» Task directions: Copy out the data below from the line containing "但是先别急着种草,前段时间有这样一条新闻:试打瘦肩针2美容店主一死一伤。" to the line containing "где Со - начальное", both lines included, with all images left out.

» Extracted material:
* * * * * * * * *
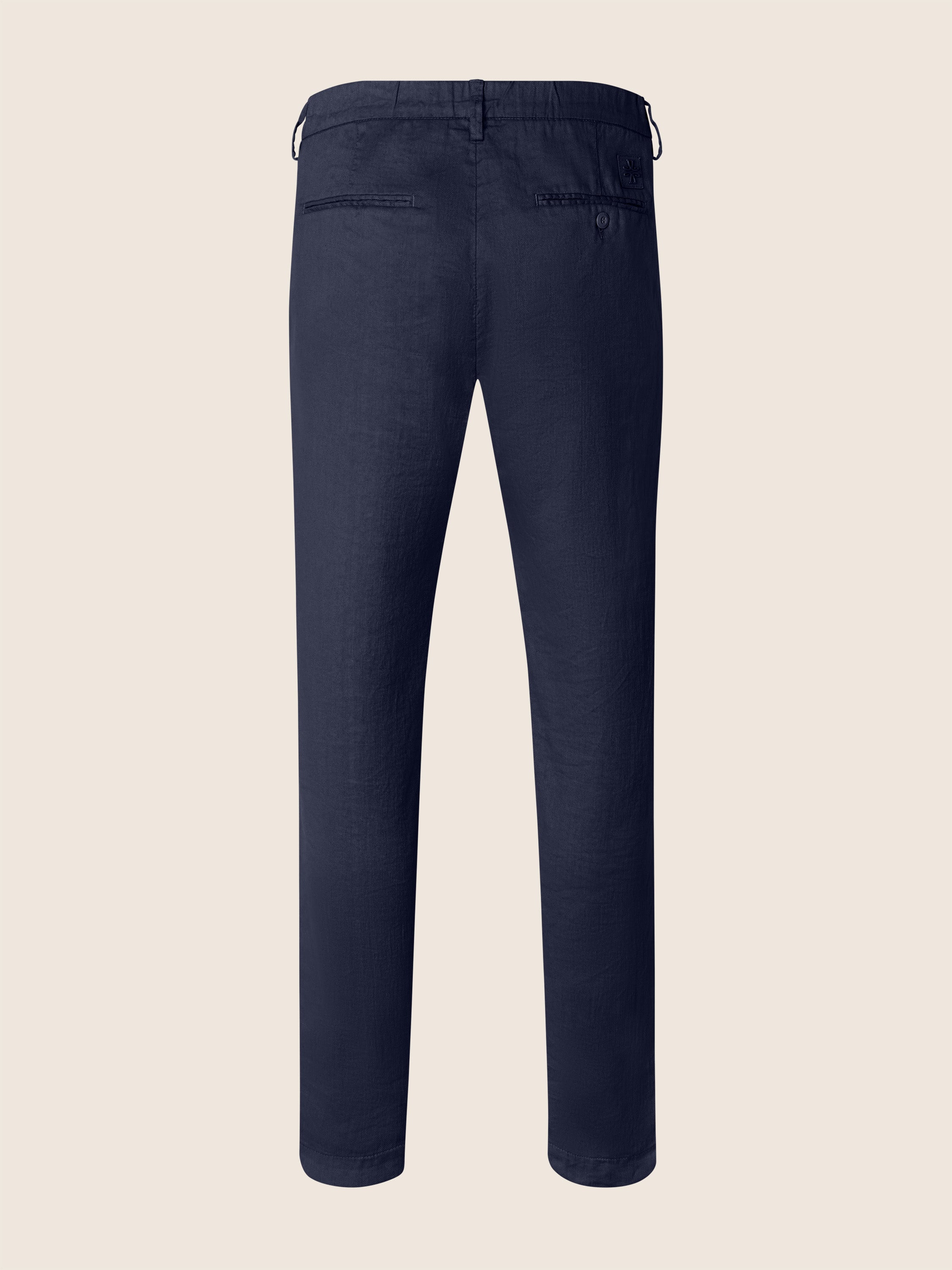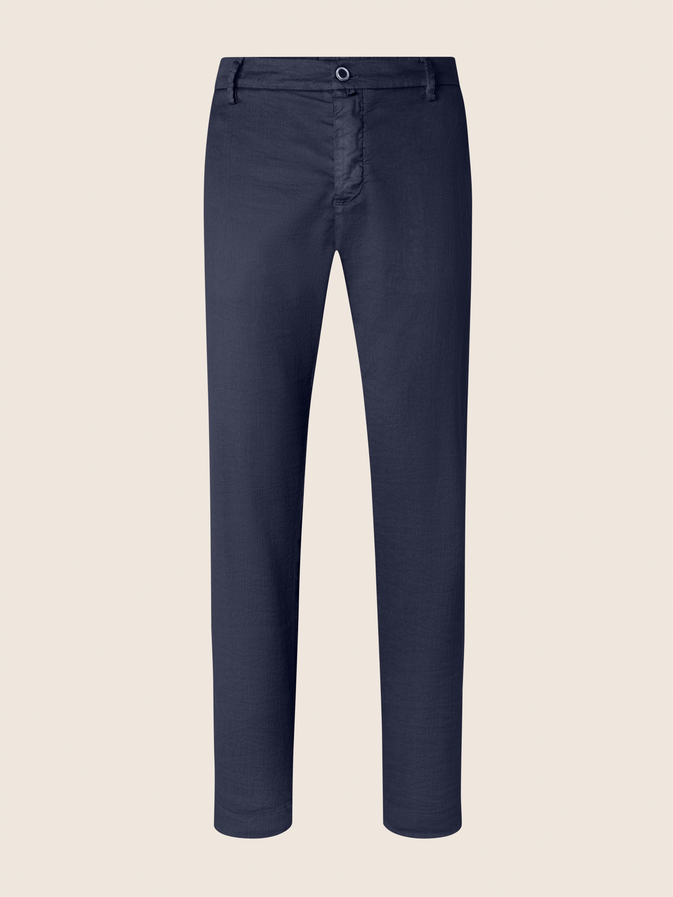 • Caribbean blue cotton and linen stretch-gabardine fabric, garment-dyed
* * * * * * * * *
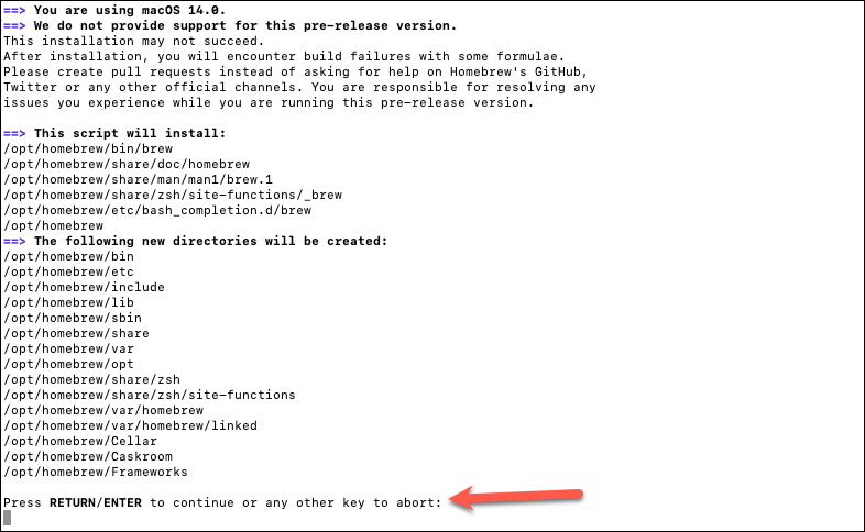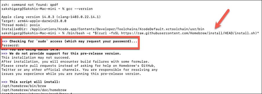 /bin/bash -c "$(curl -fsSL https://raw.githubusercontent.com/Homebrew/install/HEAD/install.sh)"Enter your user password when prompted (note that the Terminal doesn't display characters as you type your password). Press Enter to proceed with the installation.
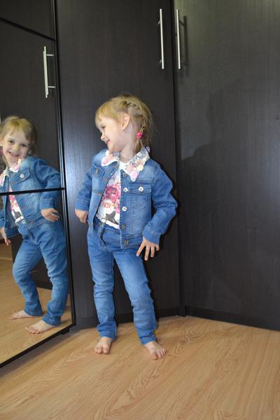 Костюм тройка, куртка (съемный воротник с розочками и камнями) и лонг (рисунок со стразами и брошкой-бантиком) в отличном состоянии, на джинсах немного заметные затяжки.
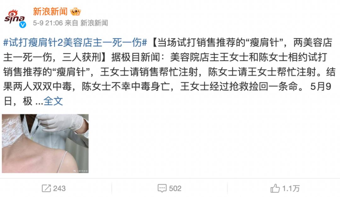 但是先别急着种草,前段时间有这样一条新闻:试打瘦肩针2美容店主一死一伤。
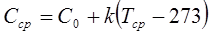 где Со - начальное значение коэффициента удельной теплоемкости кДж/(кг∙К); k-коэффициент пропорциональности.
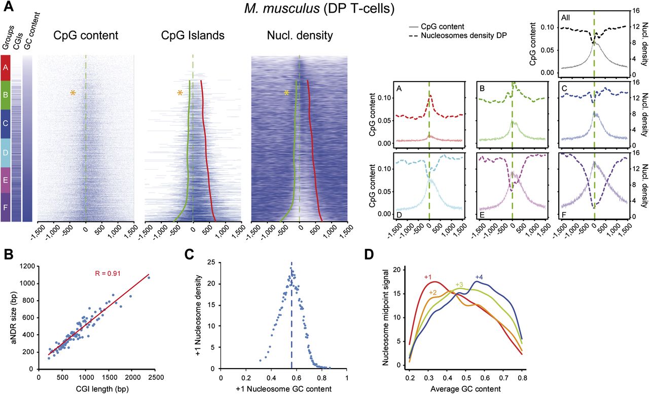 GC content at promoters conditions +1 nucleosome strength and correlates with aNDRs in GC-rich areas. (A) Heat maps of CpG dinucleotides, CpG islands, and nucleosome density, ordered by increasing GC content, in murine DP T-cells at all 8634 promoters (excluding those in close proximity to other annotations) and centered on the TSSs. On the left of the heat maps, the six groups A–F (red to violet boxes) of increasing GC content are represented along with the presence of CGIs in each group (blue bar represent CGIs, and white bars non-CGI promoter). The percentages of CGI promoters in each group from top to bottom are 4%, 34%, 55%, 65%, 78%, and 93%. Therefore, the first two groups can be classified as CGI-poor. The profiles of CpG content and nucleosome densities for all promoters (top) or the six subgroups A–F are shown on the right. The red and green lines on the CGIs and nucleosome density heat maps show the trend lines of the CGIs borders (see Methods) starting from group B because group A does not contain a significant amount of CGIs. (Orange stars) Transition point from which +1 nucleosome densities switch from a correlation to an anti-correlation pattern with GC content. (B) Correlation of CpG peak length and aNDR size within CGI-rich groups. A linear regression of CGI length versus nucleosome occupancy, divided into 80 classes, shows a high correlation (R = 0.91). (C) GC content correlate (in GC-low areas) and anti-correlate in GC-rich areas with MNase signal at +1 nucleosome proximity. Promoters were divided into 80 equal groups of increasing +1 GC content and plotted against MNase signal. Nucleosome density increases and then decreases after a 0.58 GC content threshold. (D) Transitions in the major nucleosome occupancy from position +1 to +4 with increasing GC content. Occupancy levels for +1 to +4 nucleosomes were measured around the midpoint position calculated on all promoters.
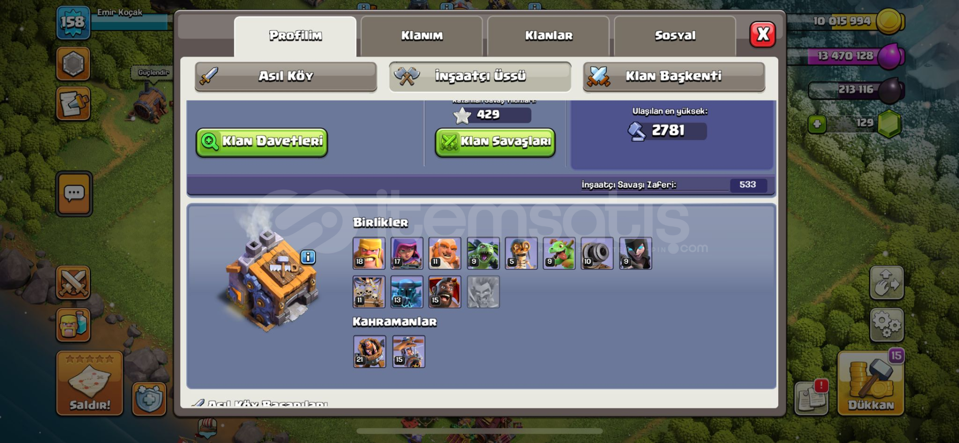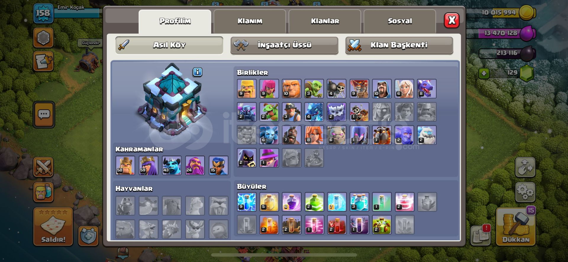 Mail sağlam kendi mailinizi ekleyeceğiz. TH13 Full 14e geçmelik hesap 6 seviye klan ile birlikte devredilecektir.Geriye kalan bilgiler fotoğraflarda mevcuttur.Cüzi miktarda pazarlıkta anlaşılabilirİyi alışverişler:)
* * * * * * * * *
» Response:
 但是先别急着种草,前段时间有这样一条新闻:试打瘦肩针2美容店主一死一伤。
 где Со - начальное значение коэффициента удельной теплоемкости кДж/(кг∙К); k-коэффициент пропорциональности.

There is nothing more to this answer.